In sphinxtrain-1.0.8/src/programs/bw , when performing MMIE training, the program "bw" would crash in case where the numerator lattices has arc with start frame from zero. For examples (in the first arc of the below lattice),
Total arcs: 20 True arcs: 20 arc_id, arc_name, start frame, end frame, lmscore, number of preceding acrs, number of succeeding arcs, preceding arc_ids, succeeding arc_ids 1 <s> 0 1 -230.235388422 1 1 < 3 > 4 2 <sil> 1 15 -2.30258509299 1 1 < 0 > 1 3 <sil> 1 25 -2.30258509299 1 1 < 0 > 1 4 <sil> 1 29 -2.30258509299 1 1 < 0 > 5 5 an 29 38 -53684.4070244 1 1 < 4 > 6 6 ge 38 48 -53684.4070244 1 1 < 5 > 7 7 you 48 56 -53684.4070244 1 1 < 6 > 8 8 tai 56 67 -53684.4070244 1 1 < 7 > 9 9 wan 67 77 -53684.4070244 1 1 < 8 > 10 10 tian 77 86 -53684.4070244 1 1 < 9 > 11 11 hou 86 95 -53684.4070244 1 1 < 10 > 12 12 gong 95 103 -53684.4070244 1 1 < 11 > 13 13 de 103 112 -53684.4070244 1 1 < 12 > 14 14 zi 112 121 -53684.4070244 1 1 < 13 > 15 15 liao 121 143 -53684.4070244 1 1 < 14 > 16 16 <sil> 143 167 -2.30258509299 1 1 < 15 > 0 17 </s> 167 167 -1.81960902107 1 1 < 16 > 18 18 <sil> 168 180 -2.30258509299 1 1 < 17 > 0 19 </s> 180 180 -1.81960902107 1 1 < 18 > 20 20 <sil> 181 184 -2.30258509299 1 1 < 19 > 0
This is caused by the code in main.c (in sphinxtrain-1.0.8/src/programs/bw) in the functions "mmi_rand_train", "mmi_best_train", "mmi_ci_train", where the line
arc_f[k] = f[k+lat->arc[n].sf-1];
caused out of range feature assignment .A fix of it like this (and I have tried running with MMIE on this as well which gave around 8% absolute error reduction, though the MMIE converge in a single iteration)

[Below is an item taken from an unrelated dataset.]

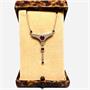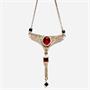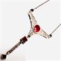 Originální náhrdelník z 18ti karátového zlata (750/1000). Šperk zdobí dva rubíny, 28 drobných briliantů a čtyři onyxy. Kameny jsou přírodního původu. Celková váha 4,41 g. Nastavitelná délka 40+ 5 cm. Šperk byl zhotoven ve stylu Art deco a je prodáván ve staré etuji.

[ricky@ bw]$ diff main.c main.c.orig 1155c1155 < --- > 1158,1160c1158,1160 < for (k=0; k<n_word_obs; k++) < arc_f[k] = f[k+lat->arc[n].sf]; < --- > for (k=0; k<n_word_obs; k++) > arc_f[k] = f[k+lat->arc[n].sf-1]; > 1241,1242c1241,1242 < arc_f[k] = f[k+lat->arc[n].sf]; < --- > arc_f[k] = f[k+lat->arc[n].sf-1]; > 1318c1318 < arc_f[k] = f[k+lat->arc[n].sf]; --- > arc_f[k] = f[k+lat->arc[n].sf-1]; 1414c1414 < arc_f[k] = f[k+lat->arc[n].sf]; --- > arc_f[k] = f[k+lat->arc[n].sf-1]; 1487c1487 < arc_f[k] = f[k+lat->arc[n].sf]; --- > arc_f[k] = f[k+lat->arc[n].sf-1]; 1522c1522 < arc_f[k] = f[k+lat->arc[n].sf]; --- > arc_f[k] = f[k+lat->arc[n].sf-1]; 1724a1725 >
A bit typo in the former post, the MMIE on this was given around 8% relative word error rate reduction (not absolute error reduction)
Diff:
Hi Ricky
Can you please create unified diff instead of plain diff. Unified diffs are created with -u option and they are more standard practice:
please note the order in the command line, you first put orig file, then new file. In your case the diff is reverted.
Please do not post diff file, it's better to attach it. There is no need to attach C file, just attach the diff.
Also, I don't think your patch is 100% correct. Look, we take 1 more frame into obs and that creates a problem. If you remove sf - 1 you will not have invalid access with sf = 0, but instead you will have array overflow when ef = last frame since we take + 1 in n_word_obs. Please consider this situation too.
I understand the code is pretty dirty, I totally agree it has to be rewritten from scratch probably.
Ignore the last frame for the last arc in the lattice, this should fix the above issue.
Sorry, what if not only the last arc ends in the last frame?
I think the proper patch should use less n_word_obs frames consistently for all the arcs.
Thanks for reminding on that.
I think checking if last frame occur in all arcs in the lattice are more appropriate (and ignore for the last frame) since mmi_viterbi_run will assert n_word_obs.